The The invention relates to a method for detecting an armature bounce in a solenoid valve.

The Invention also relates to a control device for controlling a solenoid valve, wherein the solenoid valve has an armature.

The The invention further relates to a computer program that is used in a computing device, in particular in a control unit to control a solenoid valve runs.

One An armature exhibiting solenoid valve is known from the market. It is designed, for example, as a fuel valve and comprises a valve element which cooperates with a valve seat and a flow path can release or lock a fluid. The valve element is Electromagnetically actuated. For this purpose, a magnet armature or armature is coupled to the valve element. The anchor is housed in an anchor space around which one Magnetic coil is arranged. By a valve spring, the valve element and thereby also the armature is pressed into an electroless end position. In this end position is the flow path the fluid is blocked.

By an electrical current supply of the surrounding the armature space magnetic coil can the armature and the valve element are moved against the force of the spring become. For this purpose, the anchor is in particular an anchor plate assigned, wherein the magnetic force of the energized solenoid such acting on the armature plate that these are in the direction of the magnetic coil emotional. The anchor plate is in this case positively connected to the anchor, that the armature counteracts due to the movement of the anchor plate the force of the valve spring moves. This in turn causes the flow of the fluid is released.

One Such solenoid valve is, for example, in an injector for the fuel metering used in an internal combustion engine. The amount and the time The metering of the fluid or the fuel takes place in dependence from the energization of the solenoid valve.

In many applications are as short as possible distances desired between individual metering. For example, can in an internal combustion engine a particularly uniform and efficient combustion of the metered fuel by so-called Pre-injections done. This will be low in very short time intervals Metered amounts of fuel.

ends the energization of the solenoid valve, so the anchor is by the force a valve spring acted upon such that a valve ball a Flow restrictor closes. By closing, in particular by the impact of the valve ball against the seat the flow restrictor, the anchor can be in indefinitely Get vibrations.

Further By the end of the energization, the armature plate can oscillate devices. Such vibrations are referred to as anchor bounces. The Anchor bounce impaired the metering accuracy, especially in multiple injections with very short injection intervals.

Around an increased Zumessgenauigkeit to obtain it is known, the anchor bounce means a suitable sensor, for example one on the solenoid valve attached eddy current sensor, detect and depending a detected anchor bounce the solenoid valve to control such that In the following injections sufficient Zumessgenauigkeit can be achieved.

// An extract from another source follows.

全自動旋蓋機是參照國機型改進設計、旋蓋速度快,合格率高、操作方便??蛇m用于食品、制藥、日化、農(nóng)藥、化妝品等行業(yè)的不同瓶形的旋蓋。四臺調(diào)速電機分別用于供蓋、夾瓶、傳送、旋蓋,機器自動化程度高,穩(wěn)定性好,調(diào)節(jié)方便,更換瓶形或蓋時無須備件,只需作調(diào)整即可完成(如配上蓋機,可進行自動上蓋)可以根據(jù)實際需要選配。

It It is therefore an object of the invention to provide a method for detecting the Create anchor bounce, which is less complicated to implement and doing an increased Reliability against usual Procedure offers.

The Task is solved by that the solenoid valve at least assigned a desired Strommerkmal becomes, an actual electricity feature is recorded, checked, whether the actual electricity feature corresponds to the desired current characteristic and closed to an anchor bounce If the actual Strommerkmal not only insignificant of the Target current characteristic deviates.

Advantages of invention

The inventive method has the advantage of being there for already existing solenoid valves can be used without that these would have to be changed structurally in some way. In order to will also be the opportunity prevents failure, since no additional component in the form of a sensor must be used.

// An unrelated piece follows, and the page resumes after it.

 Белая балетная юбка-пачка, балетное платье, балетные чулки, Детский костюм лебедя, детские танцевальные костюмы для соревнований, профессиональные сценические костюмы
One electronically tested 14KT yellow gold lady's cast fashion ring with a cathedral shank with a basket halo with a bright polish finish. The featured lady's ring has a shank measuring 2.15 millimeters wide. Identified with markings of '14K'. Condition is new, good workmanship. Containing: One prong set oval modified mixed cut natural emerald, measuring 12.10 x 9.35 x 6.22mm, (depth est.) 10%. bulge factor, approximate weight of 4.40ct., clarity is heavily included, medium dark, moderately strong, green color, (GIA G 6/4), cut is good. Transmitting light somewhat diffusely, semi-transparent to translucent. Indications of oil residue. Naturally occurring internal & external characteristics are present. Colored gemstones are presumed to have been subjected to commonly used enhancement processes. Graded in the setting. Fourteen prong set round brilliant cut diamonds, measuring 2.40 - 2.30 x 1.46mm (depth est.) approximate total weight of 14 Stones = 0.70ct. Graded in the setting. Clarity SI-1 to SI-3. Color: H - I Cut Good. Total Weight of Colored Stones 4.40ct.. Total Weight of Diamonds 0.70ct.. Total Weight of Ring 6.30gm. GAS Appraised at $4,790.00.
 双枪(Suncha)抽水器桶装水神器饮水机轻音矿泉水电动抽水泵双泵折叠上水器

to execution the method according to the invention only the actual current characteristic is detected and compared with the desired current characteristic. This For example, by means of the control unit, which the solenoid valve controls, performed become. The inventive method to detect the anchor bounce is so with little effort and cost-effective realizable.

A movement of the armature always has a change in the inductance in the solenoid valve arranged solenoid coil result. The inductance in turn acts on the current flow of the current supply of the solenoid valve.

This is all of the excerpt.